Fortunately, Logano doesn’t feel his team is that far off. Then again, the entire Cup Series field could say that because Logano said everything is fairly close.
“Last week, we had a top five coming and I sped on pit road, which that one stings a lot,” he said. “But outside of that, I’d say it was a pretty solid weekend, so our race teams still got it. We all just have to clean up a little bit. Obviously last weekend I made a mistake, and we’ve got to keep getting faster.
“I feel confident this weekend here in [North Wilkesboro]. We came and did the tire test, and I felt pretty good about what we had. Hopefully that transfers [to this weekend]. Charlotte, I don’t know. [Ryan] Blaney had a great run there [last year], so hopefully we can learn a lot from that.”
With 13 races down, there are 13 races left in the regular season.

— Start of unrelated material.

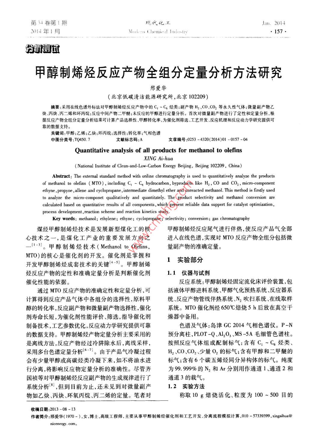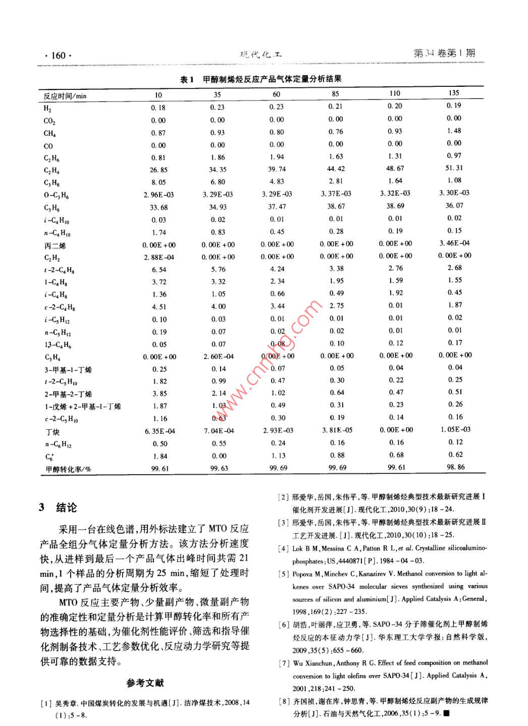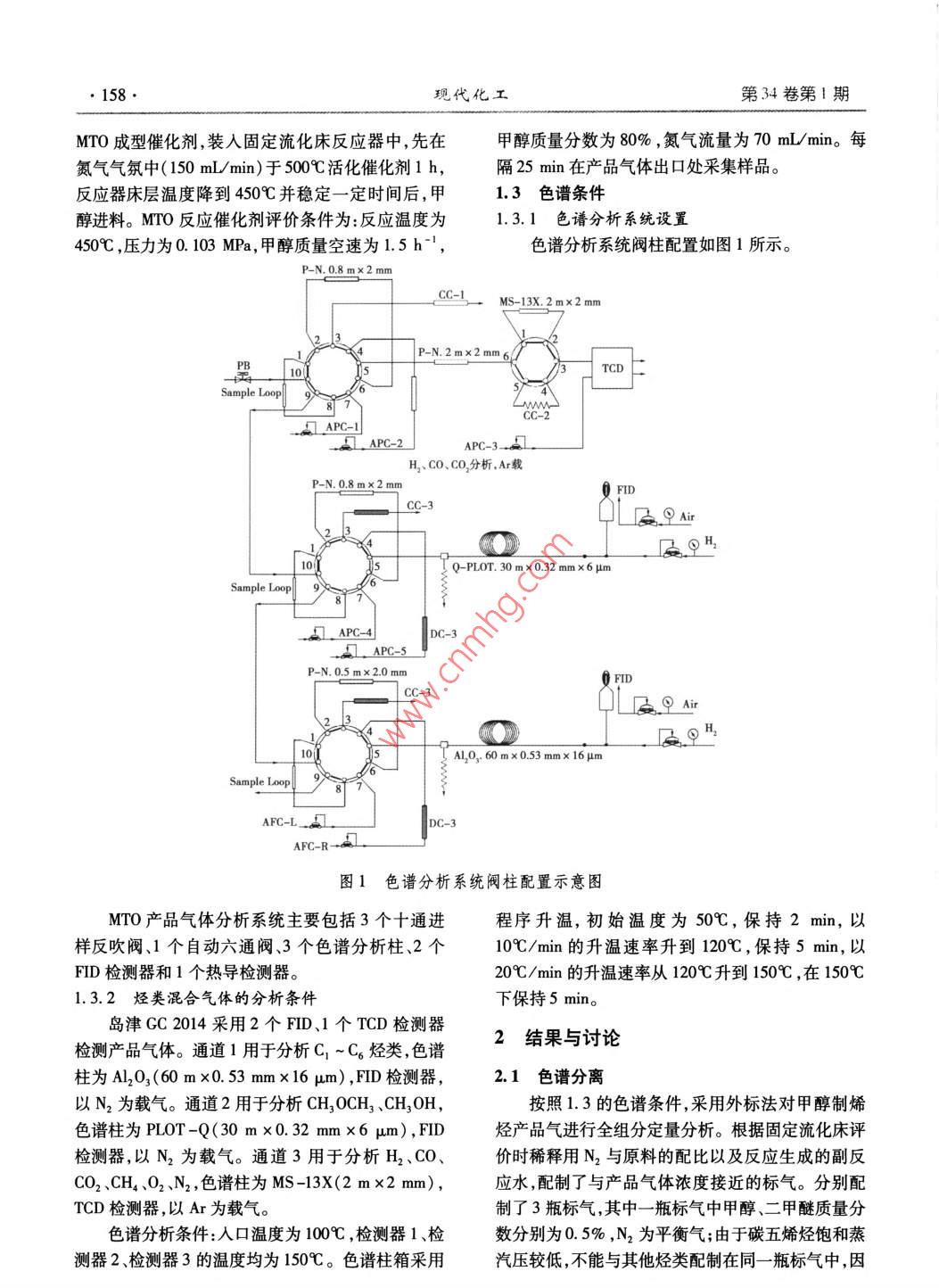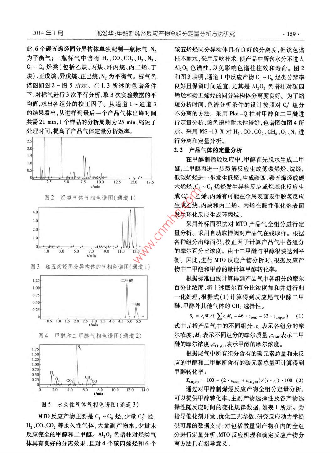 第34卷第{期現(xiàn)代化工Jan.20142014年!月Mentene Chenia! Heln-Irv.157.分誠(chéng)測(cè)試甲醇制烯烴反應(yīng)產(chǎn)物全組分定量分析方法研究邢愛華(北京低碳清潔能源研究所,北京102209)摘要:采用在線色譜外標(biāo)法對(duì)甲醇制烯烴反應(yīng)產(chǎn)物中的C ~C。烴類;副產(chǎn)物H2、CO.CO2等永久性氣體;微量副產(chǎn)物乙炔丙炔、丙二烯和環(huán)丙烷;反應(yīng)中間產(chǎn)物二甲醚;未反應(yīng)的甲醇進(jìn)行定量分析。首次對(duì)微量副產(chǎn)物進(jìn)行了定性和定量分析,根據(jù)反應(yīng)產(chǎn)物全組分定量分析結(jié)果可計(jì)算產(chǎn)品選擇性甲醇轉(zhuǎn)化率,為催化劑篩選、工藝開發(fā)、反應(yīng)機(jī)理和反應(yīng)動(dòng)力學(xué)研究提供可靠的數(shù)據(jù)支持。關(guān)鍵詞:甲醇;乙烯;乙炔;環(huán)丙烷;選擇性;轉(zhuǎn)化率;氣相色譜中圖分類號(hào):TQ450.7文獻(xiàn)標(biāo)志碼:A文章編號(hào):0253 -4320(2014)01 -0157 -04Quantitative analysis of all products for methanol to olefinsXING Ai-hua( National Institute of Clean-and-Low-Carbon Energy Beijing, Beiing 102209 , China)Abstract: The extemal standard method with online chromatography is used to quantitatively analyze the productsof methanol to olefins ( MTO) , including C - C。hydrocarbon, byproducts like H2 , CO and CO2 , micro- componentethyne ,propyne , llene and cyloropane , intermediate dimethyl ether and unreacted methanol. This method is frsly usedto analyze the micro -componet qualitatively and quantitately. The product seletity and methanol conversion arecalculated based on quantitative results of all components , which present reliable data support for catalyst optimization,process development ,reaction scheme and reaction kinetics study.Key words: methanol; ethylene ; ethyne; cyclopropane ; selectivity ; conversion; gas chromatography煤經(jīng)甲醇制烯烴技術(shù)是發(fā)展新型煤化工的核甲醇制烯烴反應(yīng)尾氣進(jìn)行伴熱,使反應(yīng)產(chǎn)品氣全部心技術(shù)之一,是煤化工產(chǎn)業(yè)的重要發(fā)展方向之進(jìn)入在線色譜,實(shí)現(xiàn)對(duì)MTO反應(yīng)產(chǎn)物全組分包括微-_[1-3。甲醇制烯烴技術(shù)(MethanoltoOlefns,量副產(chǎn)物的準(zhǔn)確定量。MTO)的核心是催化劑的開發(fā)。催化劑是掌握和1實(shí)驗(yàn)部分開發(fā)甲醇制烯烴成套技術(shù)的關(guān)鍵(“-5]。甲醇制烯烴反應(yīng)產(chǎn)物的定性和準(zhǔn)確定量分析是判斷催化劑1.1 儀器與試劑催化性能的依據(jù)。反應(yīng)系統(tǒng):甲醇制烯烴固定流化床評(píng)價(jià)裝置,包通過MTO反應(yīng)產(chǎn)物的準(zhǔn)確定性和定量分析,可括液體甲醇進(jìn)料系統(tǒng)、甲醇?xì)饣A(yù)熱系統(tǒng)、反應(yīng)器系計(jì)算得到反應(yīng)產(chǎn)品氣體中各組分的選擇性,原料甲統(tǒng)、反應(yīng)產(chǎn)物管線伴熱系統(tǒng).N2吹掃系統(tǒng)、在線取樣醇的轉(zhuǎn)化率,反應(yīng)副產(chǎn)物和微量副產(chǎn)物選擇性,催化系統(tǒng)。MTO催化劑經(jīng)650C焙燒5 h后放在真空干劑壽命長(zhǎng)短,為催化劑性能評(píng)價(jià)篩選,指導(dǎo)催化劑燥器中備用。制備技術(shù),工藝參數(shù)優(yōu)化,反應(yīng)動(dòng)力學(xué)研究提供可靠色譜及氣體:島津GC 2014氣相色譜儀。P-N的數(shù)據(jù)支持。甲醇制烯烴產(chǎn)物定量分析主要采用的預(yù)分離柱,PLOT -Q、AL203、MS -5A毛細(xì)管色譜柱。是離線方法,反應(yīng)產(chǎn)物經(jīng)過冷阱除水后,離線采樣,按照反應(yīng)氣體組成配制標(biāo)氣:含有C, ~C6烴類、采用多臺(tái)色譜定量分析(6-7)。由于產(chǎn)品氣冷凝過程H2、CO、CO2、少量02的標(biāo)氣;含有甲醇和二甲醚的會(huì)有少量甲醇或高碳烴類冷凝下來,如不將油水進(jìn)標(biāo)氣;含有6個(gè)碳五烯烴同分異構(gòu)體的標(biāo)氣。純度行分離,將影響反應(yīng)物定量分析的準(zhǔn)確性。盡管齊為99.99%的N2和Ar分別用作通道1、通道2和國(guó)禎等對(duì)甲醇制烯烴反應(yīng)副產(chǎn)物的生成規(guī)律進(jìn)行了通道3的載氣。系統(tǒng)分析[8],但到目前為止,還未見到對(duì)微量副產(chǎn)1.2實(shí)驗(yàn)方法物如乙炔、丙炔、環(huán)氧丙烷、丙二烯的定量。筆者對(duì)稱取10 g焙燒活化、粒度為100~500 目的收稿日期:2013 -08 -13作者簡(jiǎn)介:邢愛華(1970-),女,博士,高級(jí)工程師,主要從事甲醇制烯烴催化劑和工藝開發(fā)、分離流程模擬計(jì)算,010 - 57339399,xingaihua@nicenergy. com。158 .現(xiàn)代化工第34卷第1期MTO成型催化劑,裝人固定流化床反應(yīng)器中,先在甲醇質(zhì)量分?jǐn)?shù)為80% ,氮?dú)饬髁繛?0 mL/min。每氮?dú)鈿夥罩? 150 mL/min)于500C活化催化劑1 h,隔25min在產(chǎn)品氣體出口處采集樣品。反應(yīng)器床層溫度降到450C并穩(wěn)定-定時(shí)間后,甲1.3色譜 條件醇進(jìn)料。MTO反應(yīng)催化劑評(píng)價(jià)條件為:反應(yīng)溫度為1.3.1色譜分析系統(tǒng)設(shè)置450C ,壓力為0. 103 MPa,甲醇質(zhì)量空速為1.5 h-',色譜分析系統(tǒng)閥柱配置如圖1所示。P-N, 0.8 mx2 mm,CC=1。MS-13X.2mx2 mmP-N.2mx2 mm 6.盟10"CD[Sample Loop-2. 且APC-1APC-2APC-3_⊥H CO、C0,分析,Ar載P-N. 0.8mx2 mm0 FIDCC-3QL及PAirB0H10_5Q-PLOT.30mx0.32mmx6μm.Sample Lop火85. APC-4DC-3APC-5P-N. 0.5 mx 2.0 mm?FID_cc-及Q AirAL20, 60 mx 0.53 mmx 16 μmAPC-L_ A1AFC-R-aL圖1色譜分析系統(tǒng)閥柱配置示意 圖MTO產(chǎn)品氣體分析系統(tǒng)主要包括3個(gè)十通進(j

Over the next month, the series will run its longest race in the Coca-Cola 600, make a third trip to St. Louis, visit a repaved Sonoma Raceway and debut at Iowa Speedway.

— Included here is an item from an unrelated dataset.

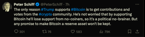 „Jedynym powodem, dla których Trump popiera kryptowaluty, jest chęć zbierania większej liczby datków i głosów od społeczności. To polityczna oczywistość. Żadna obietnica robiąca z Bitcoin aktyw strategiczny rzecz jasna nie zostanie dotrzymana” – argumentuje krytyk Bitcoina.

All of it sounds good to Logano.
“The [Coke] 600, I think I feel OK about,” he said. “Gateway has been a solid race for us the last two times we’ve been there, so I look forward to that one. Sonoma is repaved, so who the heck knows? Then Iowa — new tracks have been good, and short tracks have been good for us, as well.
“I like the way the schedule’s lined up the next few weeks.”